Она раскрыла саквояж и показала Сергею небольшой квадратный предмет, обёрнутый в коричневую бумагу, перевязанную шпагатом.
— Что это? — спросил он.
— Моя новая картина. Вот. Любуйся, — и, сорвав бумагу, она поставила произведение на ночной столик, — Ну, как?
— Это…
— «Репетиция оркестра».
Сергей с любопытством разглядел картину. На ней был изображен угол какого-то ветхого помещения. Побелка на стенах облупилась, приняв форму женских фигур. Одна из них играла на скрипке, другая женщина гладила сказочного зверька. Странное животное улыбалось по-человечески. Из-под ладони женщины сыпались искры, будто шкурка была наэлектризованной. Сквозь дыры в стенах пробивались солнечные лучи. Они падали на деревянный пол, заросший то ли мхом, то ли травой. В световых пятнах нежились скромные цветы.
— Смотри, какая замечательная кошечка. — Нина указала на сказочного зверька.
— По-моему, это китайская лиса-оборотень, — задумчиво произнес Сергей, всерьез размышляя над тем, почему картина называется «Репетиция оркестра», а не, например, «Рыжая лиса-оборотень в углу». Он иронично заметил про себя: «Фанатзерка».
— Вечно ты со своим умничаньем, — обиженно произнесла Нина.
Мягко ступая по ковру, она сделала два шага назад, любуясь «Репетицией оркестра». Она решила, что у нее все же прекрасное увлечение — рисование, и пусть оно не приносит особой прибыли, но ведь это не так важно.
— Нина, ты надолго? — спросил Сергей.
— Нет, сегодня вечером уеду, — произнесла она, не отрываясь от картины.

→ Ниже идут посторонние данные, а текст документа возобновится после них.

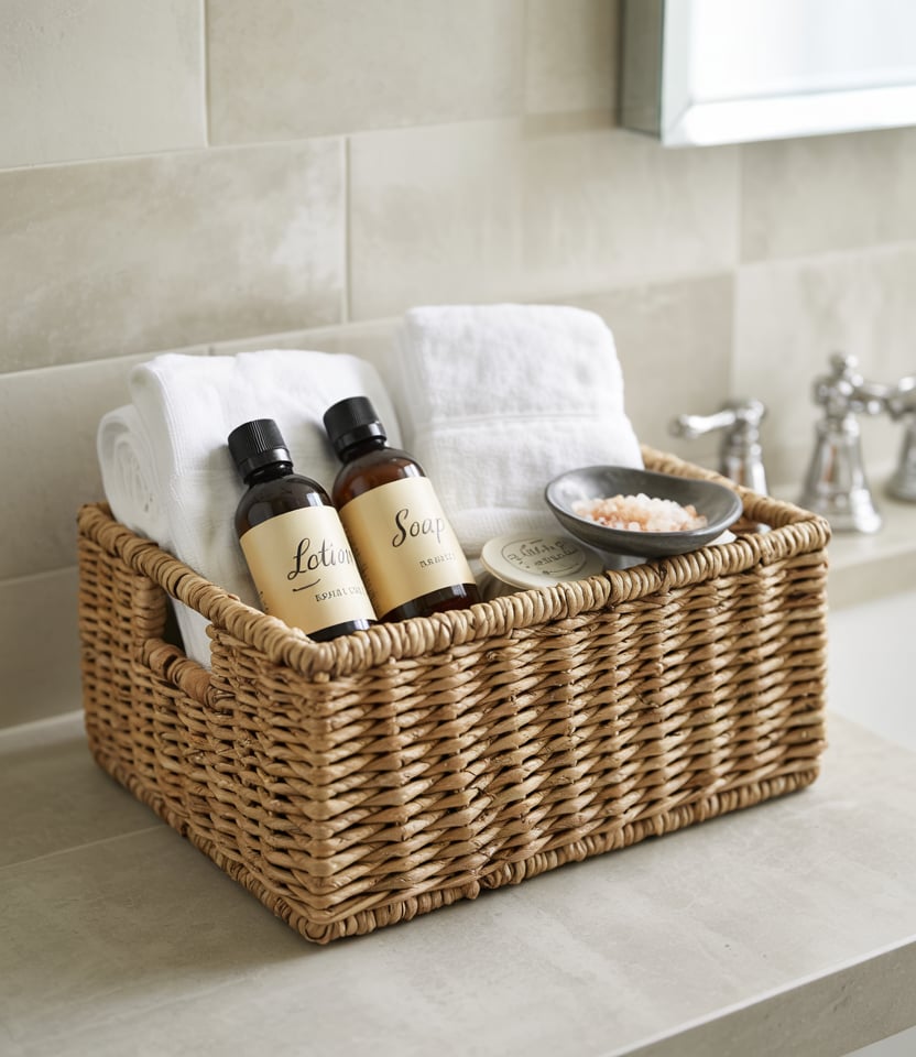 Hosting becomes easier when you create a thoughtful guest basket filled with the basics. Style it with pieces inspired by guest prep guides and small DIY touches like handmade labels or mini kits. It’s a warm detail that immediately welcomes visitors and keeps them from rummaging through cabinets. American regional context: in many suburban homes, guest rooms share a hall bathroom. A basket gives visitors instant access to essentials—like toothpaste or cotton pads—without needing to ask.

Ей показалось, что чего-то не хватает в ней. Или просто в комнате не достаточно света или он не так падает.
— Ты сказал, что вспоминал меня.
Нина села на кровать. Сергей, придвинув кресло, сел рядом.
— Точнее наш первый разговор.
— Да, я помню, — радостно сказала она. — Я даже помню, о чем мы говорили. О Чердынском.
Сергей на мгновение скользнул взглядом вниз. Взгляд поймал обнаженную женскую ступню.
— Знаешь что, — очнулся он. — Я не отпущу тебя без подарка.
— Подаришь какое-нибудь литературное произведение.
— Конечно. Книгу. — В его глазах вспыхнули огоньки.
— Серж, ты не меняешься. И я даже знаю какую. Чердынский?
— Верно. Обязательно прочитай «Карталон».
— А я смотрела в сети. Это карфагенский адмирал времен Первой Пунической войны.
— У Чердынского и Карфагеном не пахнет. Там совершенно иное.
Сергей подошел к письменному столу и извлек из ящика тонкую книжицу.
— Собрание неизданного князя Чердынского. Этот рассказ в середине.
— Спасибо, Серж. Честно, мне очень приятно.
Нина не лукавила. Ей нравился Сергей, но воспринимала она его как друга, как нежного и доброго спутника, но не более.
— Ты не сердишься, что я ненадолго?
— Нина, — с упреком начал он. — Если бы ты заранее предупредила, то я бы подготовился. Хотя бы. Но ты за пару часов позвонила. Давай, не будем об этом. Пойдем в сад.
Когда они спустились на первый этаж, она вновь заметила:
— И все-таки они странные. Как можно выставлять такие фигурки.
— Я могу потерпеть их странности, кроме того, осенью я вновь вернусь в городскую квартиру.
И, плетя неспешный узор слов, они беседовали о всякой ерунде. Мелочи жизни сыпались щедро и растворялись в бесконечном времени, теряясь в пространстве фраз. Сергей через пять минут не смог вспомнить, о чем он говорил с Ниной.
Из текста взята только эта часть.